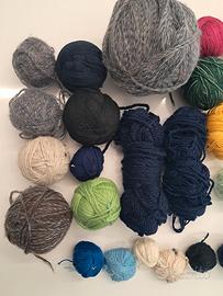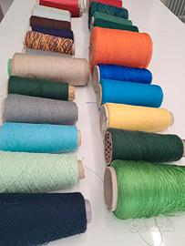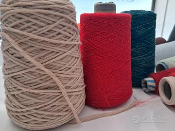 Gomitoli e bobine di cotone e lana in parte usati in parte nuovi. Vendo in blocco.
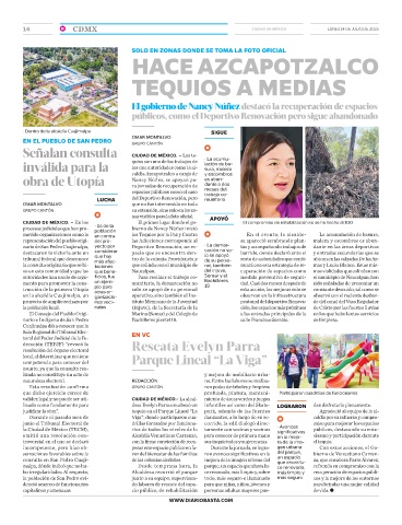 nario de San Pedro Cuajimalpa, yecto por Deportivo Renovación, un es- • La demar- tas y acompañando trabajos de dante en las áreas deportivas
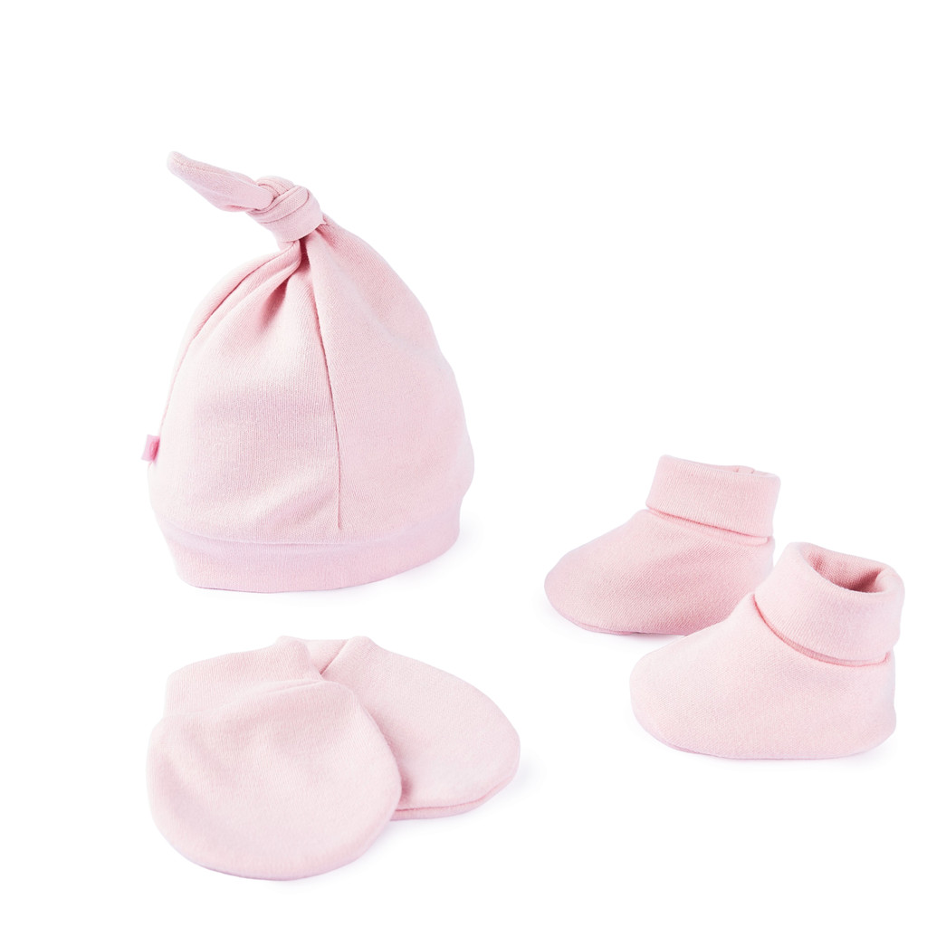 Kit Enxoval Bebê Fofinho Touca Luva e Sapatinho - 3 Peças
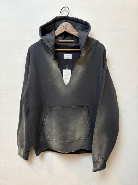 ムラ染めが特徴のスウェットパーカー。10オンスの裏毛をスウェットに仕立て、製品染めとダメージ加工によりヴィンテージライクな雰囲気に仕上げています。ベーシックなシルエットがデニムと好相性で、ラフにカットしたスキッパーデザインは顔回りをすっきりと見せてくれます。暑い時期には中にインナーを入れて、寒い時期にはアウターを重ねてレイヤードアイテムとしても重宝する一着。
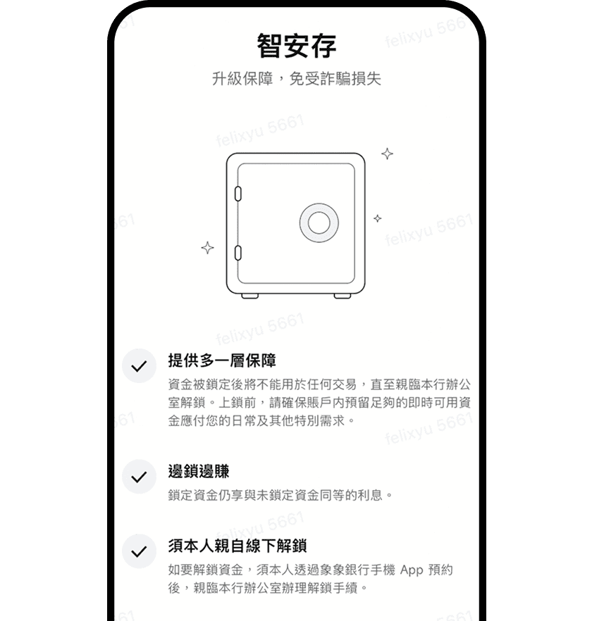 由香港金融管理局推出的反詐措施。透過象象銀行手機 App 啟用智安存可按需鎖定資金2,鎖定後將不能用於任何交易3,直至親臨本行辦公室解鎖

=======

Exercise prompt
Could you output every record above exactly as written, leaving out the pictures?

Written solution
 Gomitoli e bobine di cotone e lana in parte usati in parte nuovi. Vendo in blocco.
 nario de San Pedro Cuajimalpa, yecto por Deportivo Renovación, un es- • La demar- tas y acompañando trabajos de dante en las áreas deportivas
 Kit Enxoval Bebê Fofinho Touca Luva e Sapatinho - 3 Peças
 ムラ染めが特徴のスウェットパーカー。10オンスの裏毛をスウェットに仕立て、製品染めとダメージ加工によりヴィンテージライクな雰囲気に仕上げています。ベーシックなシルエットがデニムと好相性で、ラフにカットしたスキッパーデザインは顔回りをすっきりと見せてくれます。暑い時期には中にインナーを入れて、寒い時期にはアウターを重ねてレイヤードアイテムとしても重宝する一着。
 由香港金融管理局推出的反詐措施。透過象象銀行手機 App 啟用智安存可按需鎖定資金2,鎖定後將不能用於任何交易3,直至親臨本行辦公室解鎖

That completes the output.